··· Data extract ···

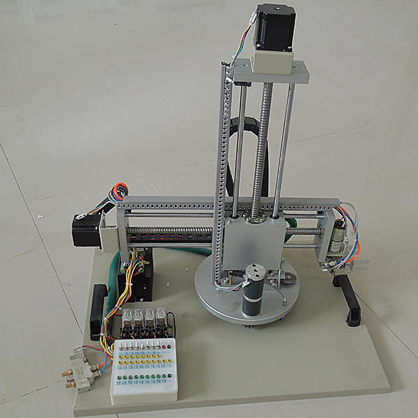 電氣方面由步進(jìn)電機(jī)、步進(jìn)電機(jī)驅(qū)動(dòng)模塊、傳感器、光電編碼器, 電磁閥、帶有位控功能的 PLC 主機(jī)等部件組成,能完成料 塊的碼放、移動(dòng)等功能, 可由學(xué)生自行完成該裝置各部件的組裝、接線、軟件編程、調(diào)整等訓(xùn)練,可實(shí)現(xiàn)機(jī)械手五維控制, 完成料塊的碼放、移動(dòng)等。
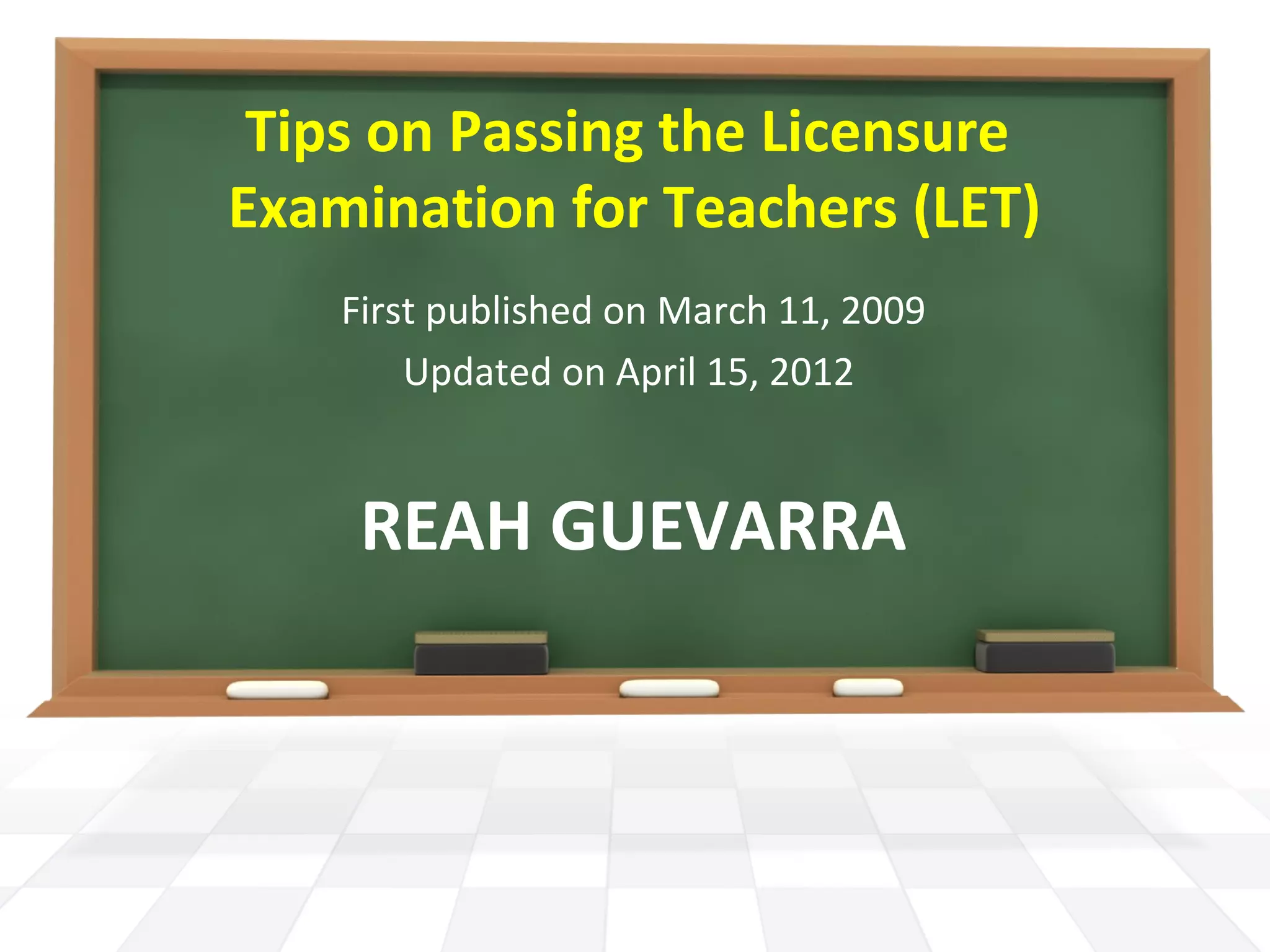 The document provides 13 tips for passing the Licensure Examination for Teachers (LET) in the Philippines. The tips include knowing your strong and weak subjects, understanding theories and concepts, improving analytical skills, reviewing all subject areas, preparing for the exam, getting enough sleep, avoiding erasures, skipping and returning to difficult questions, following instructions, using common sense, organizing math work, tracking skipped questions, and being careful of conditional words. The overall recommendations are to thoroughly prepare through review, practice analytical skills, and use effective test-taking strategies.
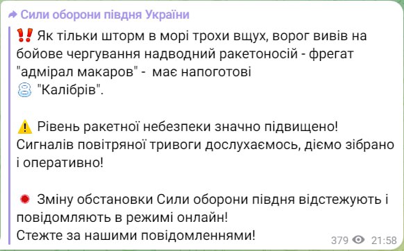 Ранее в Воздушных силах сообщили о движении ракет в направлении города.
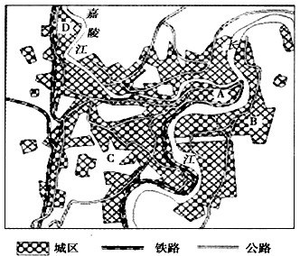 ? 重庆市我国西南地区最大的城市,也是本区最大的工业中心,地处河流交汇处是早期发展的优势区位条件。由于该地地形起伏,河流交错,形成了一个分散式的城市。下图是重庆略图。(1)根据重庆的发展可以推测,其主要的中心商务区可能位于A~D中________点,依据是________________________________________________________________________。
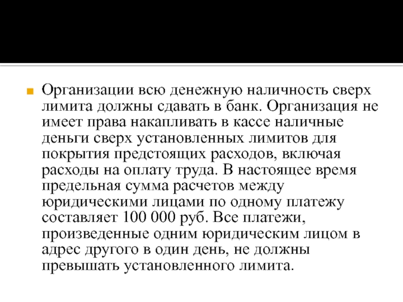 Слайд 15Организации всю денежную наличность сверх лимита должны сдавать в банк. Организация
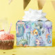 Papel de embrulho de sereia azul, perfeito para chás de fraldas e aniversários infantis.
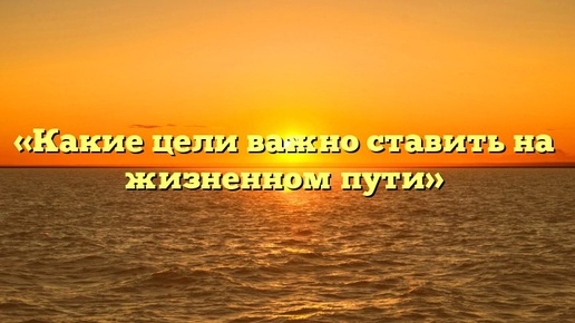 «Какие цели важно ставить на жизненном пути
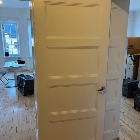 Innerdörr vit med mässingshandtag
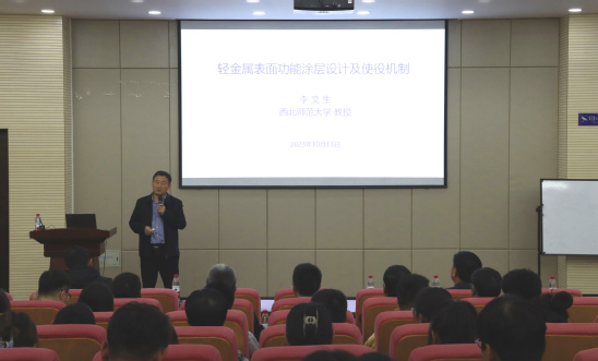 10月13日,西北师大化学化工学院举办“术圆论坛”第一期暨论坛开讲仪式,党委常委、副校长李文生教授作为主讲嘉宾为师生带来了题为《轻金属表面功能涂层设计及使役损伤机制》的报告。
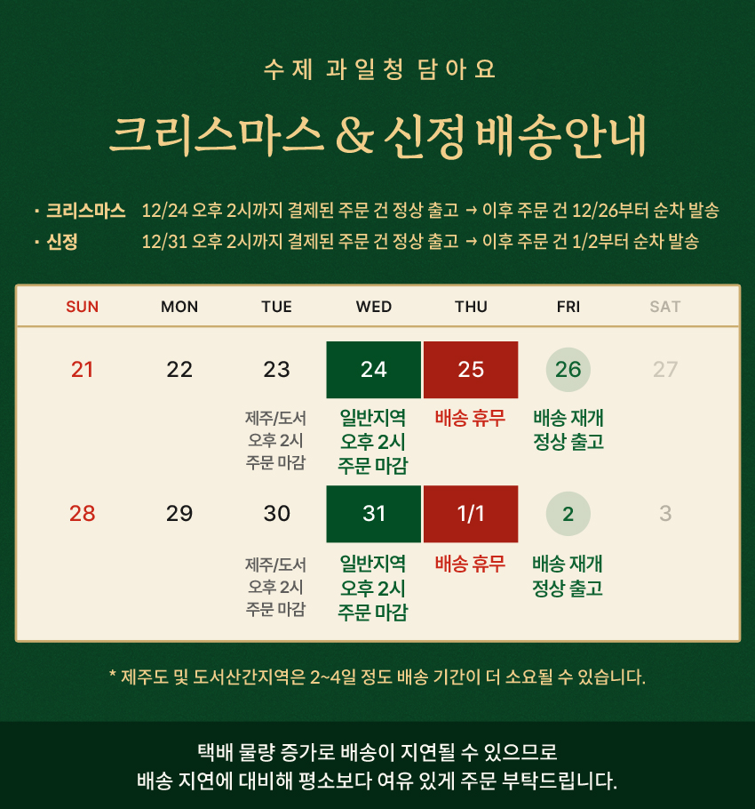 · 공휴일 전날은 출고 불가하며 당일 출고건은 다음날 배송됩니다.

···

Assignment | Would you set down every line of the data above exactly, skipping the pictures?

Solution for this problem |
 電氣方面由步進(jìn)電機(jī)、步進(jìn)電機(jī)驅(qū)動(dòng)模塊、傳感器、光電編碼器, 電磁閥、帶有位控功能的 PLC 主機(jī)等部件組成,能完成料 塊的碼放、移動(dòng)等功能, 可由學(xué)生自行完成該裝置各部件的組裝、接線、軟件編程、調(diào)整等訓(xùn)練,可實(shí)現(xiàn)機(jī)械手五維控制, 完成料塊的碼放、移動(dòng)等。
 The document provides 13 tips for passing the Licensure Examination for Teachers (LET) in the Philippines. The tips include knowing your strong and weak subjects, understanding theories and concepts, improving analytical skills, reviewing all subject areas, preparing for the exam, getting enough sleep, avoiding erasures, skipping and returning to difficult questions, following instructions, using common sense, organizing math work, tracking skipped questions, and being careful of conditional words. The overall recommendations are to thoroughly prepare through review, practice analytical skills, and use effective test-taking strategies.
 Ранее в Воздушных силах сообщили о движении ракет в направлении города.
 ? 重庆市我国西南地区最大的城市,也是本区最大的工业中心,地处河流交汇处是早期发展的优势区位条件。由于该地地形起伏,河流交错,形成了一个分散式的城市。下图是重庆略图。(1)根据重庆的发展可以推测,其主要的中心商务区可能位于A~D中________点,依据是________________________________________________________________________。
 Слайд 15Организации всю денежную наличность сверх лимита должны сдавать в банк. Организация
 Papel de embrulho de sereia azul, perfeito para chás de fraldas e aniversários infantis.
 «Какие цели важно ставить на жизненном пути
 Innerdörr vit med mässingshandtag
 10月13日,西北师大化学化工学院举办“术圆论坛”第一期暨论坛开讲仪式,党委常委、副校长李文生教授作为主讲嘉宾为师生带来了题为《轻金属表面功能涂层设计及使役损伤机制》的报告。
 · 공휴일 전날은 출고 불가하며 당일 출고건은 다음날 배송됩니다.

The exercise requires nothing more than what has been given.